From Teams Toolkit (TTK)M365 Agents Toolkit (ATK)

  • Teams Toolkit (TTK) was for building Teams apps.
  • It evolved into M365 Agents Toolkit (ATK) to support the broader M365 agent vision.

What ATK Does

ATK is a VS Code extension + CLI (atk) that:

  • Scaffolds new projects with atk create.
  • Auto-configures auth (Azure AD, CLI login).
  • Enables local debugging with Teams/Copilot emulator.
  • Deploys to Azure or Copilot Studio with one click.

How It Relates to SDKs

When you run atk create or use “Agents Toolkit: Create a new agent” in VS Code:

  • It generates code using microsoft-agents-* (for multi-channel agents).
  • Or teams-ai (for Teams-specific bots).
  • It’s the official, Microsoft-recommended way to start any agent project.

Always start with ATK—it handles config, auth, and deployment so you don’t have to.


So… Which Tool Should You Use?

Your GoalRecommended Path
Enterprise agent for Teams + Copilot + WebM365 Agents SDK + ATK (C#, Python, or Node.js)
Specialized Bot requiring deep Teams APIsTeams SDK + ATK (Best for single-channel, deep integration)
Advanced multi-agent reasoningMAF in C# or Python, optionally wrapped in M365 Agents SDK
Node.js team needing MAF logicBuild hybrid system: Node.js (M365 SDK) + C#/Python microservice (MAF)
Deep Azure AI Studio integrationExplore Azure AI Foundry (verify GA status first)

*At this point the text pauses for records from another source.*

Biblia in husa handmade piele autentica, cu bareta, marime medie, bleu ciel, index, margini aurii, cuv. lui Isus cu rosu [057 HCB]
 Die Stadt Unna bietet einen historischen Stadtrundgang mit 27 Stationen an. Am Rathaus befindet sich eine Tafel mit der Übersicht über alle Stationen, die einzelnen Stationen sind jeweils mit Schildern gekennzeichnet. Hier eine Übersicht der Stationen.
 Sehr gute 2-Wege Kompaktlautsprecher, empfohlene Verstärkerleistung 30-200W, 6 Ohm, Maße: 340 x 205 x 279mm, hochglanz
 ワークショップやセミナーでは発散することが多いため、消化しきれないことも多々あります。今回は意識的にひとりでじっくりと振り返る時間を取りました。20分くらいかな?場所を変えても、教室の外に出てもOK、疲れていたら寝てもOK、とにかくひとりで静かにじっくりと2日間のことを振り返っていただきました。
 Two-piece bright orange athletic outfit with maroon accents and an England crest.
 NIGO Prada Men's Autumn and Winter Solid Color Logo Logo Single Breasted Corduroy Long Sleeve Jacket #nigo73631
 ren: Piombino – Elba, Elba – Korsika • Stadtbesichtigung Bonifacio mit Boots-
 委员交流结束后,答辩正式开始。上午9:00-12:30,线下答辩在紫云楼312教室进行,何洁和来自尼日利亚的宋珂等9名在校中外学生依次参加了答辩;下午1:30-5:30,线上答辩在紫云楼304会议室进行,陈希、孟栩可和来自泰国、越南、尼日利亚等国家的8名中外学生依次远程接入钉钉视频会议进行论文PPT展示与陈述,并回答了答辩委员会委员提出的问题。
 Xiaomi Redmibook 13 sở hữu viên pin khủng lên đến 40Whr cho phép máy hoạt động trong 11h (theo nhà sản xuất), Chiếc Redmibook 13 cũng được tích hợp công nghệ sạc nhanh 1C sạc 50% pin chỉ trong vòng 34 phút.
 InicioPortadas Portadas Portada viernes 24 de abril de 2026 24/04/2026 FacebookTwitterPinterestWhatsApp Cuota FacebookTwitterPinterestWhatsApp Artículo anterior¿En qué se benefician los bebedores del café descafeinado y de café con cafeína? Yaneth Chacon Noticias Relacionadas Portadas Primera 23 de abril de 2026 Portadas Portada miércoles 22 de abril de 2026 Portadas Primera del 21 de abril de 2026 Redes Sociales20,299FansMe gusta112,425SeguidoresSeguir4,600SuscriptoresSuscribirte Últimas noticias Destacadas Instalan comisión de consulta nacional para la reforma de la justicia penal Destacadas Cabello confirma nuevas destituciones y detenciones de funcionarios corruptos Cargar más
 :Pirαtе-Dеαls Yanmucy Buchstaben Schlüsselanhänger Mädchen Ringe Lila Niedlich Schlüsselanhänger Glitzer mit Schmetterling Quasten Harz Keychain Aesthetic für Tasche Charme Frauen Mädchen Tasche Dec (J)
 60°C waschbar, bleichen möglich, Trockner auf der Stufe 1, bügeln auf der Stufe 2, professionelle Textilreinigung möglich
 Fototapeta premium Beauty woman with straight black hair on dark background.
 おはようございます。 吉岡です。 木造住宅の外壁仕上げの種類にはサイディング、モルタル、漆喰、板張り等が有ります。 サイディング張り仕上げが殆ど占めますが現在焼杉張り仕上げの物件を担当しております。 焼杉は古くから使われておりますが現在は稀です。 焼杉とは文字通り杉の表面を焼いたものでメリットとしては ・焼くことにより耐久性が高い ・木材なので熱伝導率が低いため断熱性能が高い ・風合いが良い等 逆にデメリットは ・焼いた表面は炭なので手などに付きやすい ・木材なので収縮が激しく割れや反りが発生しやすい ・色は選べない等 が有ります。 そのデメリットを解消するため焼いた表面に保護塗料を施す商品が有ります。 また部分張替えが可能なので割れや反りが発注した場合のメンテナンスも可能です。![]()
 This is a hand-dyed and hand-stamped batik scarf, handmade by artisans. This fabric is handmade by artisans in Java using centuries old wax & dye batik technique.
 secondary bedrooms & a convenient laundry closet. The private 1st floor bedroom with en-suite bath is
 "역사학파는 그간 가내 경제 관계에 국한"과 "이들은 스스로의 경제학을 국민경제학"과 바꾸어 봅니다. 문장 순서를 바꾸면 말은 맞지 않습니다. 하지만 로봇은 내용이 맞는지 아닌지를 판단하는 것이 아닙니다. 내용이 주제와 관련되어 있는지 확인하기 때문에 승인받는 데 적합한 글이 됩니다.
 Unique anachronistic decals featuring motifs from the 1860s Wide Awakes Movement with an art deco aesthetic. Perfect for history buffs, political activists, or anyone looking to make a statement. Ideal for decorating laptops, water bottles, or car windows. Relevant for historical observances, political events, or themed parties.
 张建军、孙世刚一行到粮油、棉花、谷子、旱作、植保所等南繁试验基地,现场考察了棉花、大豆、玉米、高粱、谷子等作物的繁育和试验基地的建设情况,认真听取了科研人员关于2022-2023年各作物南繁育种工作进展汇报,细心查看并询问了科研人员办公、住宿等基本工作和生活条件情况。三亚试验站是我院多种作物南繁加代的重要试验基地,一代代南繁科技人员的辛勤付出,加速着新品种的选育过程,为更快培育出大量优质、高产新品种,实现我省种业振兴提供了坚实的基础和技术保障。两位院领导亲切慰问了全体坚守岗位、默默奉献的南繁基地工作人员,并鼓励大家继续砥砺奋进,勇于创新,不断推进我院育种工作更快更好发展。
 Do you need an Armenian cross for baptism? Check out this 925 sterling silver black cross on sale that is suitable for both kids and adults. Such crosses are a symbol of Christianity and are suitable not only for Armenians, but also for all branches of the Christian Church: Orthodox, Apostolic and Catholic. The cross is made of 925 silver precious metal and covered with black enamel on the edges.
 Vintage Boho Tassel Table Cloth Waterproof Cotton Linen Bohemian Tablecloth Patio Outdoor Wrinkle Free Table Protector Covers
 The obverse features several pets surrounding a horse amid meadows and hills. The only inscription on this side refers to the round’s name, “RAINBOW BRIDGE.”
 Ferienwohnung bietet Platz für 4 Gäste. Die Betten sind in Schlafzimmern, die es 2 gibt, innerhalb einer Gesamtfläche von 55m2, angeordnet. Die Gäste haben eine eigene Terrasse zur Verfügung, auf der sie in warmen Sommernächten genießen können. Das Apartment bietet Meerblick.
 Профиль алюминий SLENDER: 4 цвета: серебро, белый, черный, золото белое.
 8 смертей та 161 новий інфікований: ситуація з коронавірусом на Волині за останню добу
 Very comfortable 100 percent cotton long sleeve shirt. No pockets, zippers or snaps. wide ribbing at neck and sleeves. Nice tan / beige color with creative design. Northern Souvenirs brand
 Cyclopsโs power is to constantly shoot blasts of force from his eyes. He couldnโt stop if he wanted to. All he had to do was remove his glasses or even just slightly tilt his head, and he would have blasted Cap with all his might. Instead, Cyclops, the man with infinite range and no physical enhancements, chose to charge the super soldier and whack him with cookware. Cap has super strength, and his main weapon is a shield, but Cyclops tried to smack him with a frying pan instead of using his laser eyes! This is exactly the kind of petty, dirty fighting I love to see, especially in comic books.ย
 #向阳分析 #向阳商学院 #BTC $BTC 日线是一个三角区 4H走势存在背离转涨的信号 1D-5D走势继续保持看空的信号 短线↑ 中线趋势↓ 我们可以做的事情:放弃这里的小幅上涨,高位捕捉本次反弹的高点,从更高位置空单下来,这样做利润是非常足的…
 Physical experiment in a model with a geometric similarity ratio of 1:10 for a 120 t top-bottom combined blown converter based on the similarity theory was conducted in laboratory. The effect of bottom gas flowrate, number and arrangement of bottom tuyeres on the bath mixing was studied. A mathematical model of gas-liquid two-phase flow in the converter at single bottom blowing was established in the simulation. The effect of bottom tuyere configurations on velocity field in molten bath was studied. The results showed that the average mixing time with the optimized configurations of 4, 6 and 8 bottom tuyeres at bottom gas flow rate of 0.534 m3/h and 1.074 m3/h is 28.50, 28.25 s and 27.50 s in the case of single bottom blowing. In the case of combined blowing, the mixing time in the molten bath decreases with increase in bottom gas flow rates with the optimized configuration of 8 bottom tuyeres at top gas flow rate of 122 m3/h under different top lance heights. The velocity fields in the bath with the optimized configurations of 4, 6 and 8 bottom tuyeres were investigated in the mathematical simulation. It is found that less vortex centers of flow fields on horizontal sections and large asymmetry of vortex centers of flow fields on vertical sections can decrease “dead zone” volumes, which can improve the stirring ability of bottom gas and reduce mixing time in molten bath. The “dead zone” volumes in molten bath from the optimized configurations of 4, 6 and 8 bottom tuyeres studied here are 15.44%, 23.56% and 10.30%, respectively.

Final Advice: Future-Proof Your Development

  1. Never start a new project with Bot Framework SDK—it’s deprecated.
  2. Use atk create to scaffold every new agent—it enforces best practices.
  3. In C#/Python: combine MAF + M365 Agents SDK in one project—it’s simpler and fully supported unless you have specific scaling needs.
  4. In Node.js: design for hybrid from day one—MAF won’t run in your codebase.

Microsoft’s AI stack is now more coherent than ever—once you understand the layers. The confusion comes from legacy names still floating around. With this guide, you’re equipped to cut through it and build agents the 2025 way.